= Occitan cross =

Heraldic cross and motif

The Occitan cross (crotz occitana /oc/), also called cross of Occitania (crotz d'Occitània), cross of Languedoc (crotz de Lengadòc) or cross of Toulouse (crotz de Tolosa), (Note: After the coat of arms of the counts of Toulouse.) heraldically "cross cleché, pommettée and voided", is a heraldic cross, today chiefly used as a symbol of Occitania.
In the Chanson de la Croisade Albigeoise, it goes by the name of "Raymondine cross" (crotz ramondenca or ramondina).

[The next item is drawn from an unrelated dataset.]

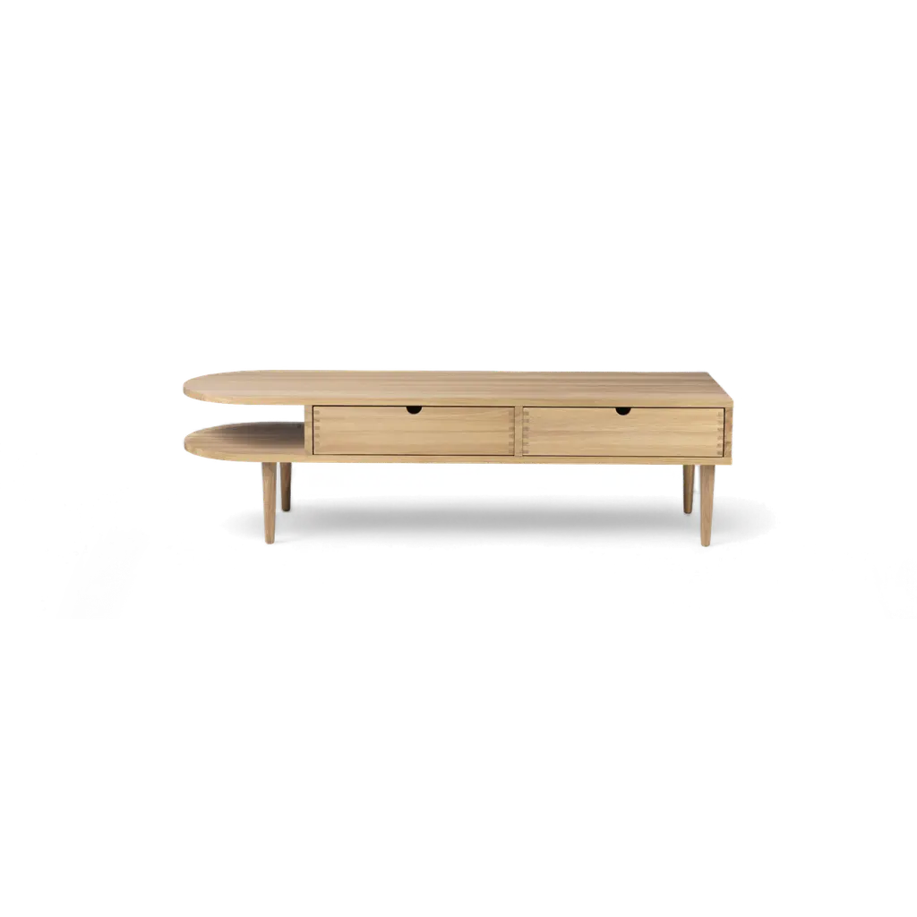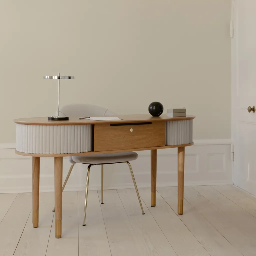 The Audacious Desk features a curved silhouette and sliding fabric tambour doors, offering a blend of style and practicality. Designed by Jonas Søndergaard, it includes a dedicated hook for headphones and built-in organizers to keep your workspace tidy. Adjustable legs ensure comfortable seating with various chairs. The tambour doors are interchangeable, allowing for easy updates to the desk's appearance.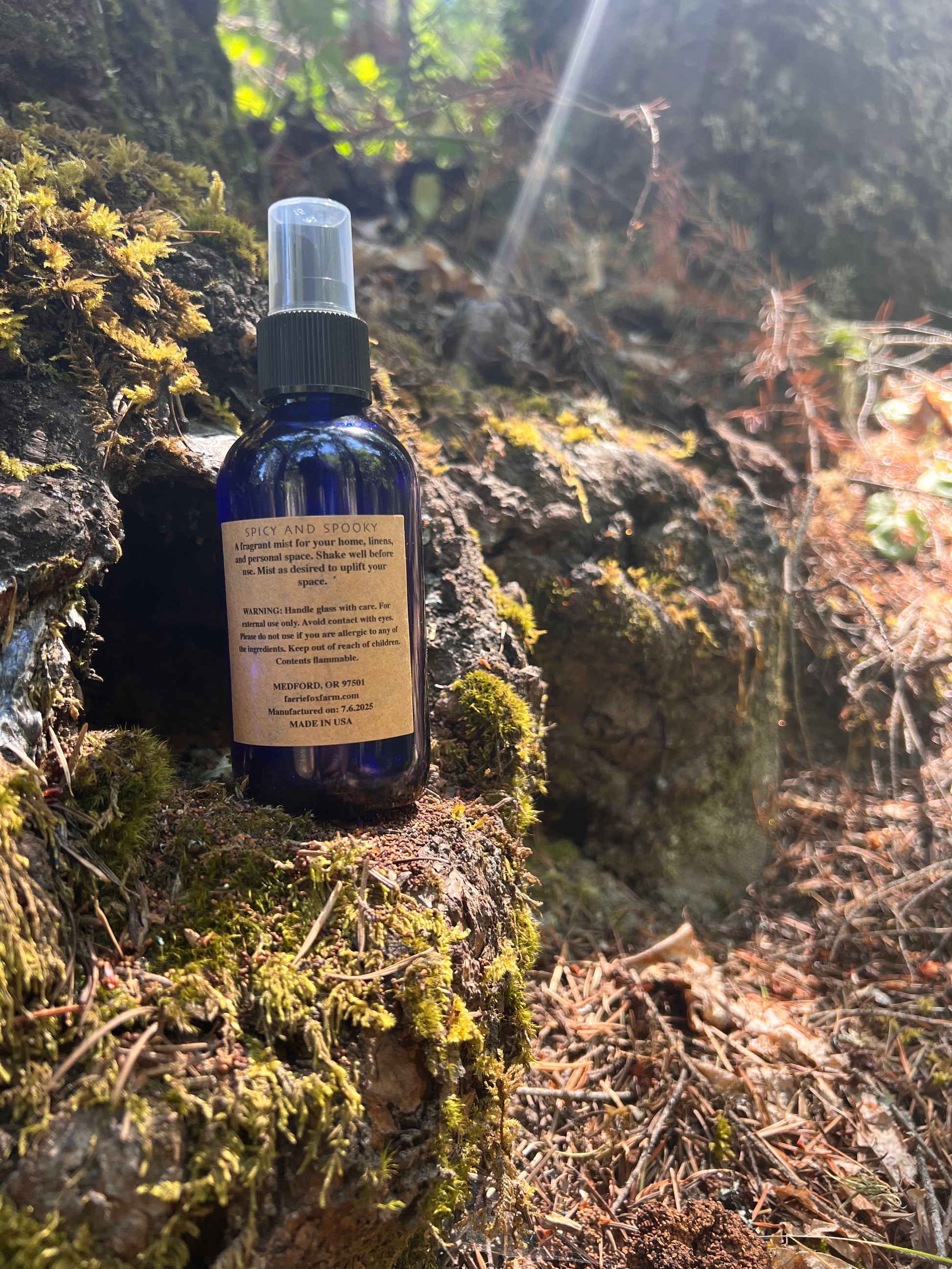 Haunted Woods is a spicy blend of clove, patchouli, cinnamon, nutmeg, ginger, and anise. It smells like spiced fall air and a walk in the woods. Hand-blended in small batches using glass packaging, this room spray is ideal for welcoming the changing of the seasons. Mist into air or on linens and enjoy the liminality of autumn.

The design was probably first used in the coat of arms of the counts of Forcalquier (in modern Provence), in the 12th century, and by the counts of Toulouse in their capacity as Marquises of Provence, on 13th century coins and seals.
It later spread to the other provinces of Occitania, namely Provence, Guyenne, Gascony, Dauphiné, Auvergne and Limousin.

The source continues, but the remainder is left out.